Some are already enthusiastically demonstrating their adoption of green methods, and Sustainable Systems Design, a Cape Town property design partnership, has embraced the concept in every way possible. Vernon Collis and partner, Anna Cowen, are responsible for a somewhat revolutionary single residential project in the context of the City Bowl.

While Collis already lives in a house that could be seen as a prototype for inner city green construction, his client's new home will have features that are distinctly uncommon.

On a plot of not more than 450sq m, the courtyard house with two separate living units (one for the owners, the other for their family visitors) are built atop large underground cisterns to collect rain and spring water from the mountain run-off. The previous buildings on the site have been almost entirely recycled into the new building, including using the rubble as an ingredient in the concrete (he calls it "rubblecrete") for the new building.

The rocks and soil from the excavation have been stored on a nearby site and some will be used and others sold. Uses will include driveway paving. "Every effort is made to reabsorb waste material," he says.

Former pathway slate tiles have been used, stacked horizontally to create a decorative wall, and thousands of bricks have been saved for re-use. Shuttering is being used extensively in the walling and the support material is all recycled wood. Props are gum poles from an alien replacement project.

In operation, the house will make use of recycled grey water for irrigation, passive cooling will be achieved by thick walls and carefully orientated fenestration. Solar water heating will be used.

On a larger scale, but employing more conventional building methods, a development will start to come out of the ground on the east side of the City - on the edge of District Six - in February next year. The development, called the Red Brick Building, will be an apartment block.

Project architect Jean Bernicchi says the development represents a strong move towards eco-friendly sustainable construction and operation, implementing solar pre-heated water systems and grey water recycling.

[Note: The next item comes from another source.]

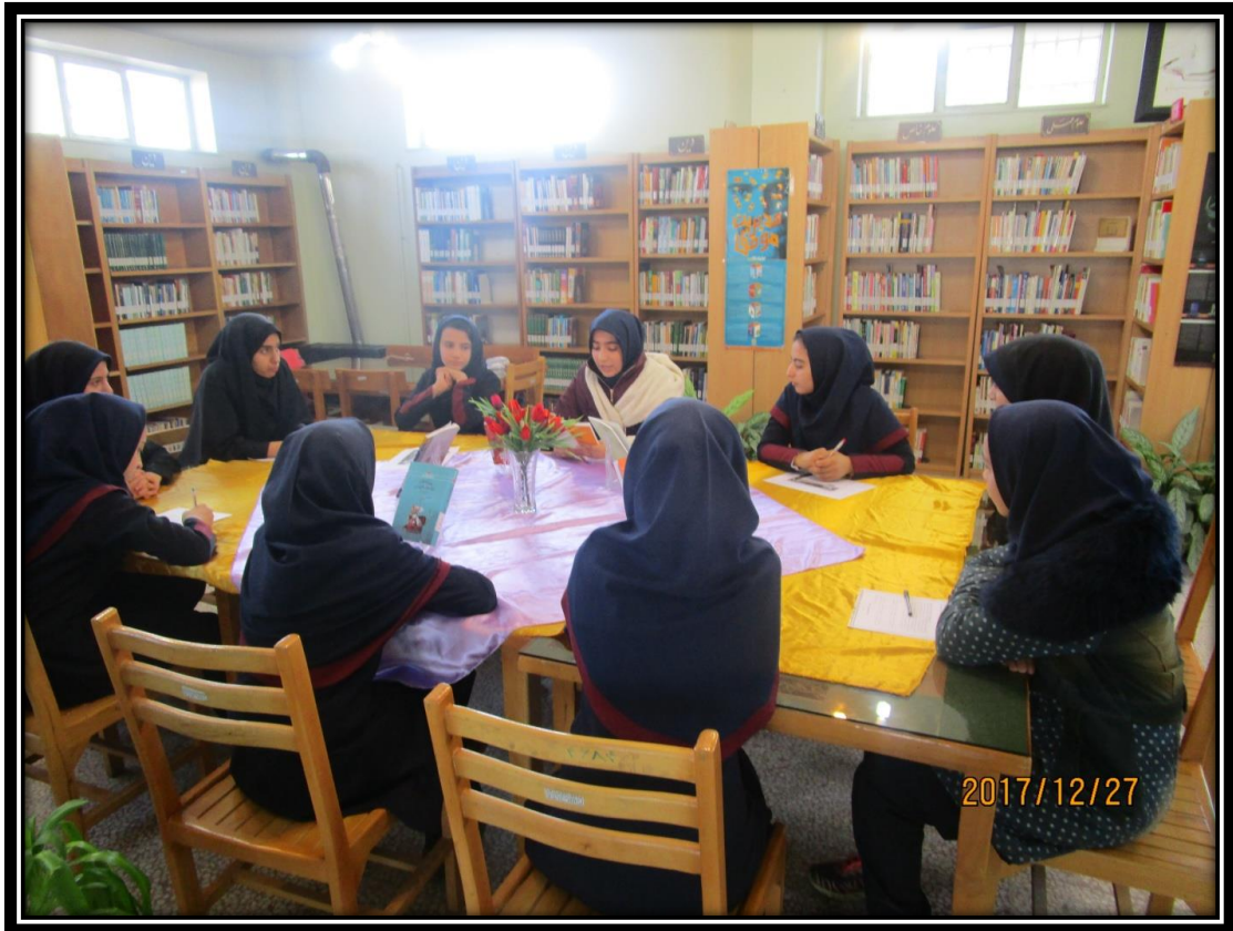
جمع خوانی کتاب به مناسبت عید نوروز

It will also employ plants as an interface between the street and the building, and the inner courtyard of the seven-storey building will be heavily planted and landscaped. Even a walkway from the nearby University of Technology will receive attention by way of landscaping and street furniture. Bernicchi says each elevation of the 83-apartment block responds to its orientation, with shuttering protecting windows where necessary and window shapes helping to control thermal effects.

Bernicchi says it would seem wise to start adopting the kinds of measures that are likely to be introduced as law in the near future, with authorities already paying close attention to green issues in the building industry. The effect on the market of stringent green measures that might require changes of mindset in property buyers, has, however, not been fully tested.

Images 1 & 2: The site in District Six in Cape Town where a green apartment block will be constructed.